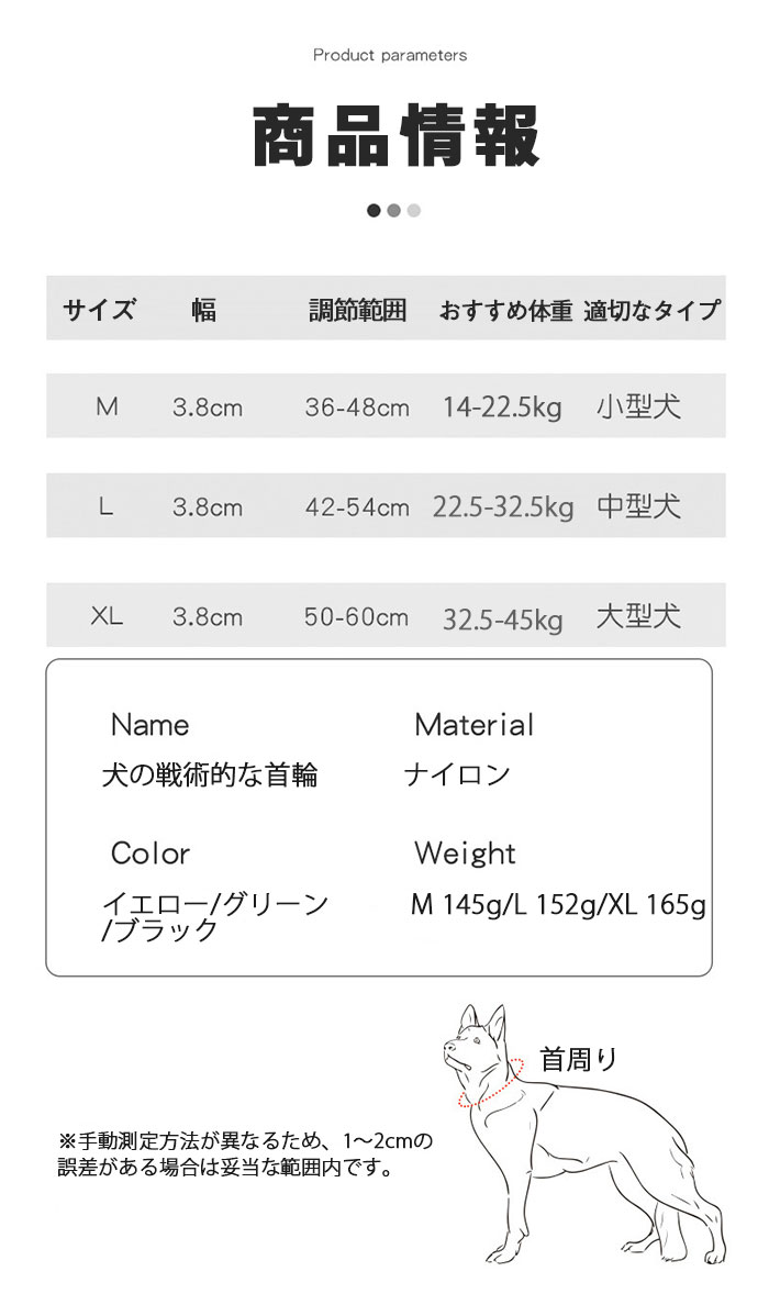 犬 首輪 大型犬 犬の首輪 中型犬用 犬用品 首輪 胴輪 リード 首輪 早い者勝ち ブラック カーキ グリーン M L XL
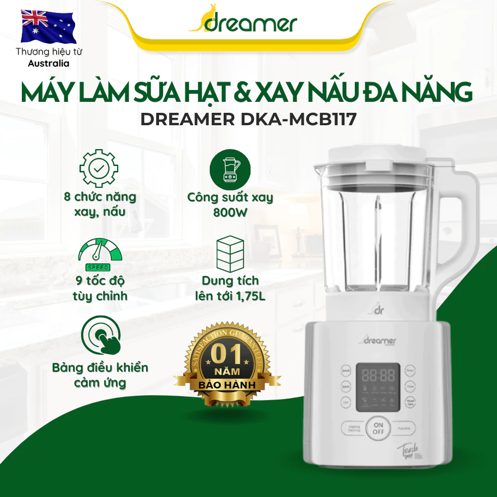 - Máy xay nấu đa năng Dreamer có 8 chức năng được cài sẵn thời gian, chế độ xay, nấu gồm: Sữa hạt, làm xốt, cháo, soup đặc, sinh tố, nước ép trái cây & rau củ, các món xay nấu tùy chỉnh
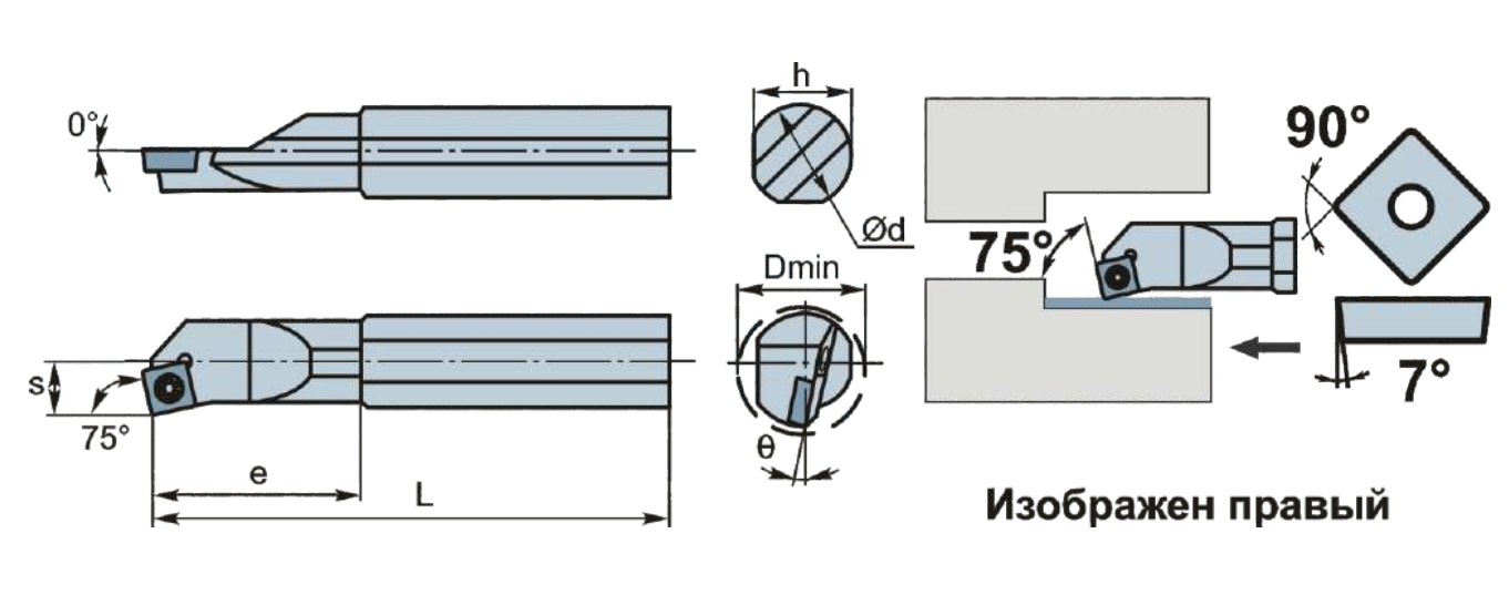 S12M-SSKCL09 DKR державка для внутреннего точения Deskar используется с режущими пластинами SC**09T3** (форма пластины: s-четырехгранная, размер: 9) для обработки металла.
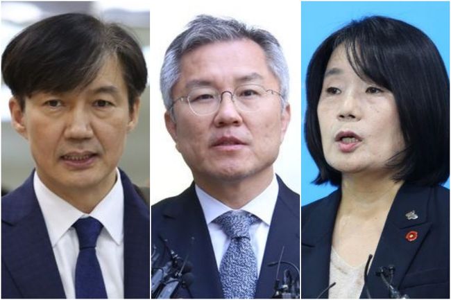 정부는 11일 ‘국민주권정부’ 출범 후 첫 특별사면을 발표하며 국민통합과 민생 회복을 핵심 목표로 제80주년 광복절 특별사면을 단행한다고 밝혔다. 사진 왼쪽부터 조국·윤미향·최강욱 전 국회의원
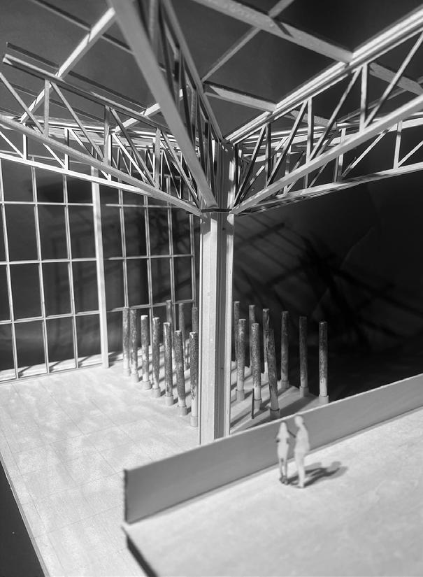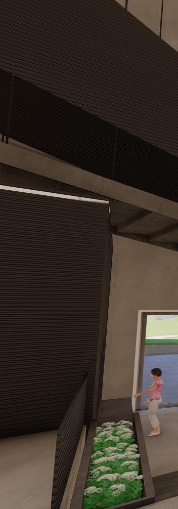 This project had a program of 16 spaces to make up a aeroponic vertical urban farm. It is used to revitalize and help surrounding food deserts by effieciently growing plants from seeds using less of a footprint.

• [Your goal]:
Set the pictures aside and transcribe exactly the stretch of lines above, beginning with the one holding "- Máy xay nấu" and ending with the one holding "S12M-SSKCL09 DKR державка".

• [Output for this task]:
 - Máy xay nấu đa năng Dreamer có 8 chức năng được cài sẵn thời gian, chế độ xay, nấu gồm: Sữa hạt, làm xốt, cháo, soup đặc, sinh tố, nước ép trái cây & rau củ, các món xay nấu tùy chỉnh
 S12M-SSKCL09 DKR державка для внутреннего точения Deskar используется с режущими пластинами SC**09T3** (форма пластины: s-четырехгранная, размер: 9) для обработки металла.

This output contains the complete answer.